Connection between data characteristics and statistical prediction performance
We investigated the connection between data properties of the bootstrap datasets and statistical prediction performance. As we identified DIA-NN in combination with the in silico predicted GPF-refined spectral library as an overall well performing DIA analysis workflow, we further investigated, which data properties (Supplementary Figure S9) correlate with benchmarking performance measures (Supplementary Figure S10).
In general, sample variance, kurtosis, skewness and the ratio of variances between two spike-in conditions only show little influence on the performance of statistical tests to detect differentially abundant proteins. The correlation behavior of the remaining data characteristics differ between the DIA analysis workflows (not shown).
As we included different sample sizes during bootstrapping to mimic limited replicate availability, we were also able to investigate the performance of the different DIA analysis workflow for different sample sizes (Supplementary Figure S11). We observed a moderate positive correlation between pAUC values and sample size for all DIA analysis workflows (exemplarily shown in Supplementary Figure S12 for DIA-NN in combination with the in silico predicted GPF-refined spectral library).
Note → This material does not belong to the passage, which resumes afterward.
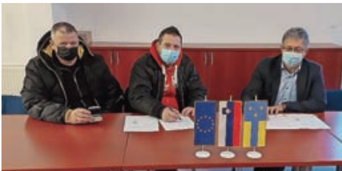
Podpis pogodbe z izbranim izvajalcem, podjetjem Hipnos iz Medvod

Izbrani izvajalec Hipnos bo pristojen za prvi prevoz pokojnika, umrlega na območju občine. "Ta zajema prevoz od kraja smrti do hladilnih prostorov oziroma do zdravstvene ustanove (zaradi izvedbe obdukcije, odvzema organov ali drugih postopkov) in uporabo hladilnih prostorov. Storitve bo zaračunana naročniku pogrebnih storitev po enotni ceni, ki jo bo določila občina," so pojasnili na občini in dodali, da vse druge storitve v zvezi s pogrebom ostajajo tržne, kar pomeni, da naročnik lahko izbere kateregakoli ponudnika pogrebnih storitev. To pomeni, so razložili, da bo v primeru, ko oseba umre na območju občine Žiri, treba poklicati izbranega koncesionarja, to je podjetje Hipnos, za prvi prevoz pokojnika do hladilnice. Kadar bo oseba umrla zunaj občine, bo prvi prevoz opravil izvajalec, ki je krajevno pristojen v kraju smrti. "Od tu naprej ni sprememb, svojci naročijo izvedbo pogreba tako, kot je veljalo do sedaj, pri izvajalcu pogrebnih storitev po lastni izbiri." Ni torej nujno, poudarjajo, da tudi pogreb opravi izvajalec prvega prevoza, svojci se lahko odločijo tudi drugače. Telefonska številka 24-urne dežurne službe: 051 620 699, elektronski naslov: hipnos@hipnos.si.

Influence of sample size on statistical testing and performance
Overall, SAM performed best for all sample sizes over all workflows, except for Skyline, which showed the best performance in combination with ROTS. However, irrespective of the software suite, for small sample sizes (n < 5) limma achieved a similar performance to SAM and ROTS. Van Ooijen et al., who compared different statistical tools to detect differentially abundant proteome features, also found limma to perform well for small sample sizes 24.